• TASK TO CARRY OUT:
Would you retype, word for word, the line with "Beautiful handmade sugar" and each line after it to the end of the entries below, leaving the pictures out?

[[ DATA LISTING, beginning ]]

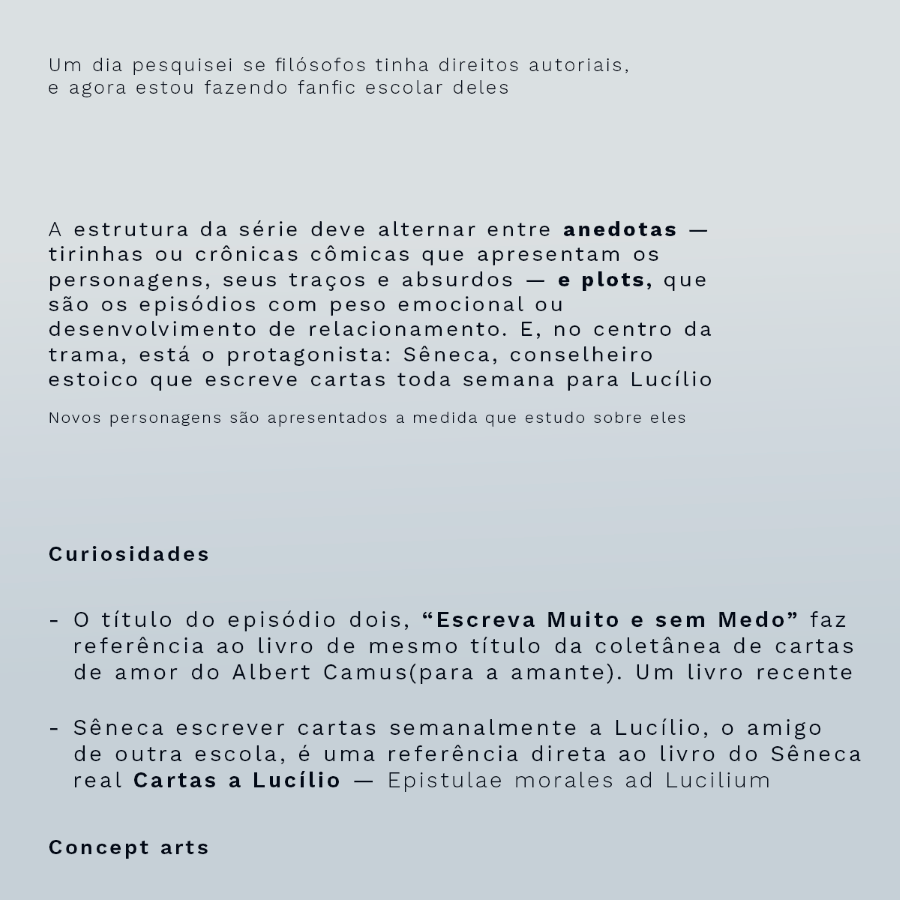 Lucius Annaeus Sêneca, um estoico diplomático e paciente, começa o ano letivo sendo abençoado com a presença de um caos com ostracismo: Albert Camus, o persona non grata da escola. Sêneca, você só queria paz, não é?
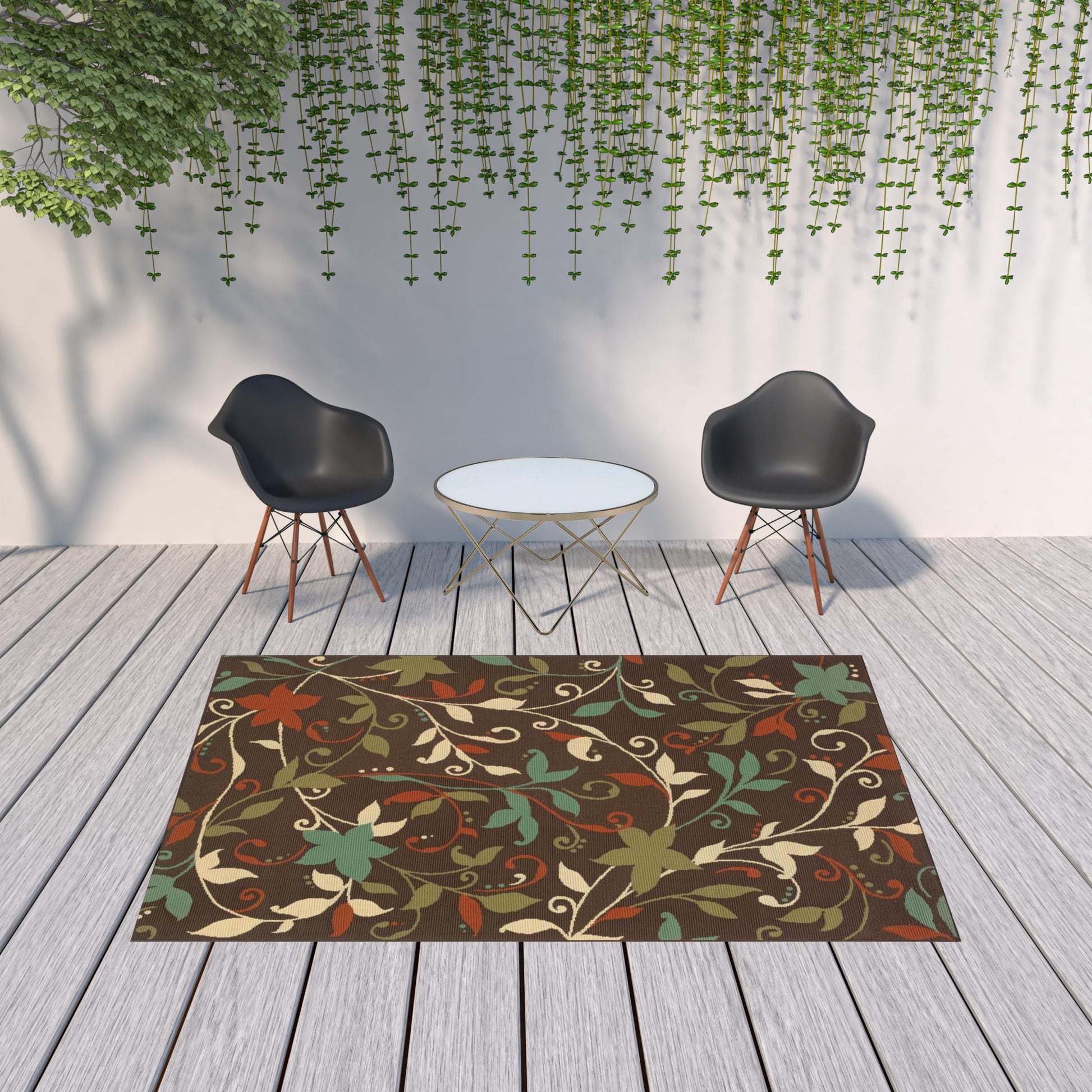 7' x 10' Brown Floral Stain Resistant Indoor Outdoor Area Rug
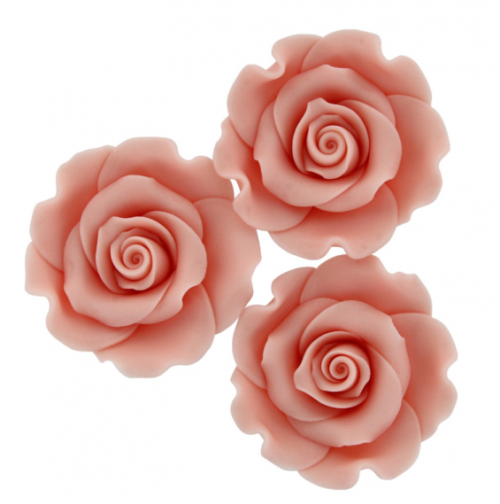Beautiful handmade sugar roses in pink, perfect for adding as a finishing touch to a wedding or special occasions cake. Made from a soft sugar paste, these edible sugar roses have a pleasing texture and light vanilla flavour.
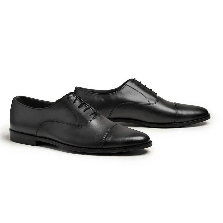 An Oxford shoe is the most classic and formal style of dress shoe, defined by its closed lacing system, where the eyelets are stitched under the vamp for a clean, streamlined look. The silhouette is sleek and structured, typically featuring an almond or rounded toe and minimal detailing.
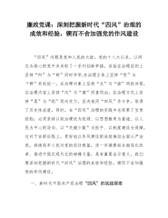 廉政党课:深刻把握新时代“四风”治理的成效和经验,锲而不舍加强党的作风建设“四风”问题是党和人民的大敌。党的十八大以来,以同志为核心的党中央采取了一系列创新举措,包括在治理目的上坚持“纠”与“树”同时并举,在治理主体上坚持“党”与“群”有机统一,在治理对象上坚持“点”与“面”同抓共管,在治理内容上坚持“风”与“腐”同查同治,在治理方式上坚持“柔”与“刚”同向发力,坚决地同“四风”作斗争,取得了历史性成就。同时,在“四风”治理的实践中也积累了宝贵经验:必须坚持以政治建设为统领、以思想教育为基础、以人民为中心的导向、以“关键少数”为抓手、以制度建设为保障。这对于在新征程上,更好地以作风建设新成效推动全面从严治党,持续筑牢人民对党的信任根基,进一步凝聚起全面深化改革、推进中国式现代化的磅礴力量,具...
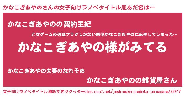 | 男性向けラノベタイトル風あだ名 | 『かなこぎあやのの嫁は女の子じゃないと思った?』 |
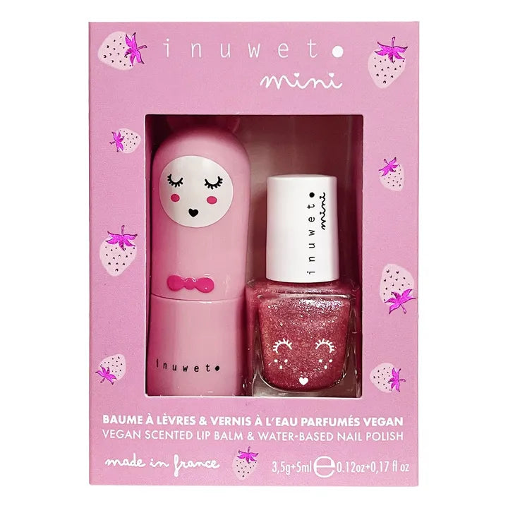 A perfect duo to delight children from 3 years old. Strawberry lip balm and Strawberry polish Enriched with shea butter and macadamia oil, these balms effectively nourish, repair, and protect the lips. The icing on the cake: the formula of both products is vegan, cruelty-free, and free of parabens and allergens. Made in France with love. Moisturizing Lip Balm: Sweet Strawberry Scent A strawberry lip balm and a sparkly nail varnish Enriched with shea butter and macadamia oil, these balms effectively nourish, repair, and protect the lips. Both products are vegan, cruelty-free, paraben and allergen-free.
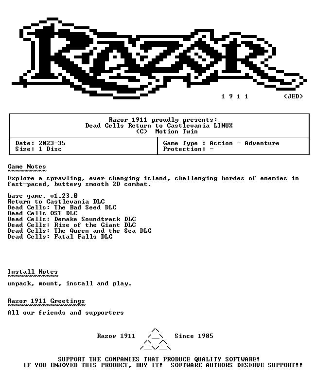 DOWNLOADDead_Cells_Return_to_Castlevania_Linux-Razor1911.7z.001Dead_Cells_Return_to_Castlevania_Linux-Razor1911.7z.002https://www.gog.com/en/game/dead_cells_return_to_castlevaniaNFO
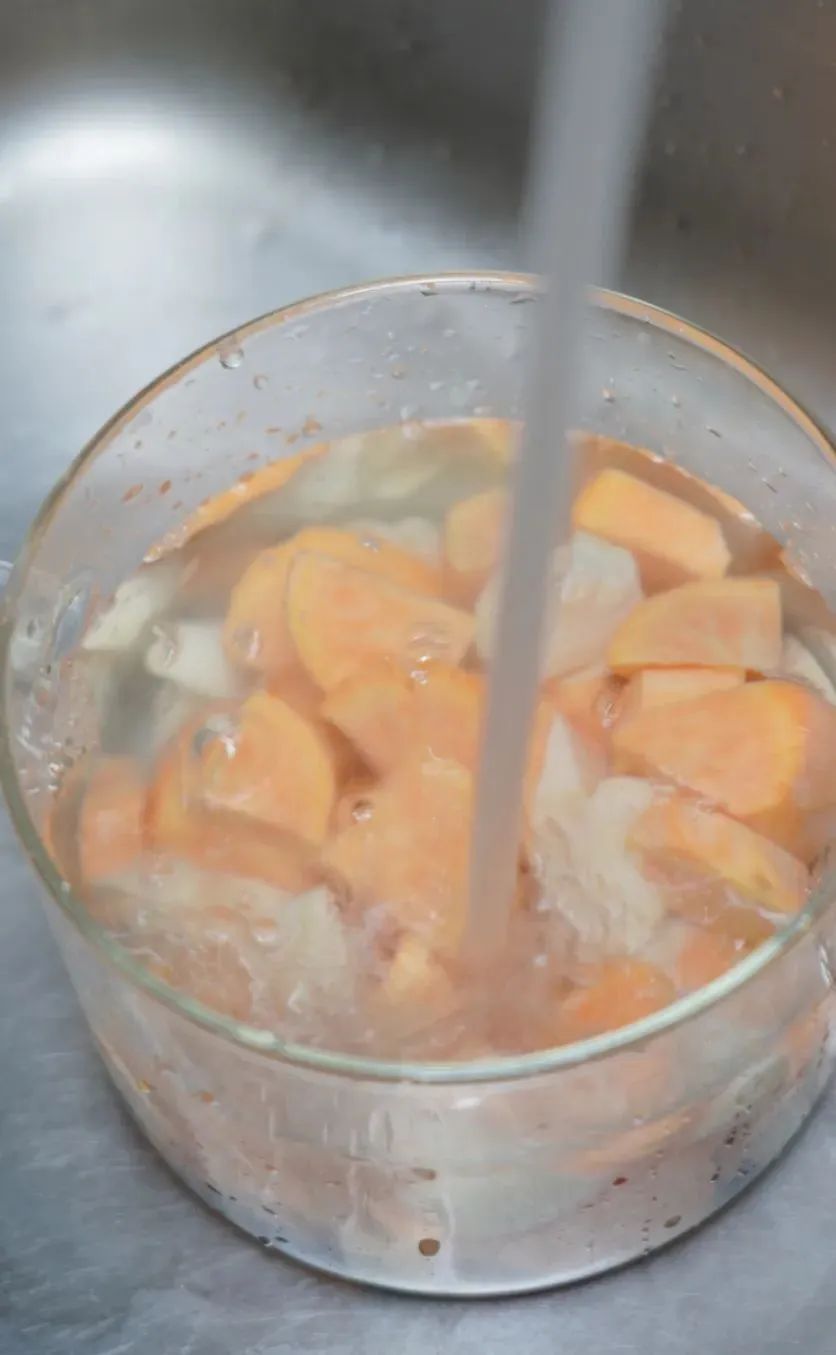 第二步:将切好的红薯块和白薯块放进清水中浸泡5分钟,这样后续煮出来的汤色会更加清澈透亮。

[[ DATA LISTING, end ]]

• SOLUTION FOR THIS TASK:
Beautiful handmade sugar roses in pink, perfect for adding as a finishing touch to a wedding or special occasions cake. Made from a soft sugar paste, these edible sugar roses have a pleasing texture and light vanilla flavour.
 An Oxford shoe is the most classic and formal style of dress shoe, defined by its closed lacing system, where the eyelets are stitched under the vamp for a clean, streamlined look. The silhouette is sleek and structured, typically featuring an almond or rounded toe and minimal detailing.
 廉政党课:深刻把握新时代“四风”治理的成效和经验,锲而不舍加强党的作风建设“四风”问题是党和人民的大敌。党的十八大以来,以同志为核心的党中央采取了一系列创新举措,包括在治理目的上坚持“纠”与“树”同时并举,在治理主体上坚持“党”与“群”有机统一,在治理对象上坚持“点”与“面”同抓共管,在治理内容上坚持“风”与“腐”同查同治,在治理方式上坚持“柔”与“刚”同向发力,坚决地同“四风”作斗争,取得了历史性成就。同时,在“四风”治理的实践中也积累了宝贵经验:必须坚持以政治建设为统领、以思想教育为基础、以人民为中心的导向、以“关键少数”为抓手、以制度建设为保障。这对于在新征程上,更好地以作风建设新成效推动全面从严治党,持续筑牢人民对党的信任根基,进一步凝聚起全面深化改革、推进中国式现代化的磅礴力量,具...
 | 男性向けラノベタイトル風あだ名 | 『かなこぎあやのの嫁は女の子じゃないと思った?』 |
 A perfect duo to delight children from 3 years old. Strawberry lip balm and Strawberry polish Enriched with shea butter and macadamia oil, these balms effectively nourish, repair, and protect the lips. The icing on the cake: the formula of both products is vegan, cruelty-free, and free of parabens and allergens. Made in France with love. Moisturizing Lip Balm: Sweet Strawberry Scent A strawberry lip balm and a sparkly nail varnish Enriched with shea butter and macadamia oil, these balms effectively nourish, repair, and protect the lips. Both products are vegan, cruelty-free, paraben and allergen-free.
 DOWNLOADDead_Cells_Return_to_Castlevania_Linux-Razor1911.7z.001Dead_Cells_Return_to_Castlevania_Linux-Razor1911.7z.002https://www.gog.com/en/game/dead_cells_return_to_castlevaniaNFO
 第二步:将切好的红薯块和白薯块放进清水中浸泡5分钟,这样后续煮出来的汤色会更加清澈透亮。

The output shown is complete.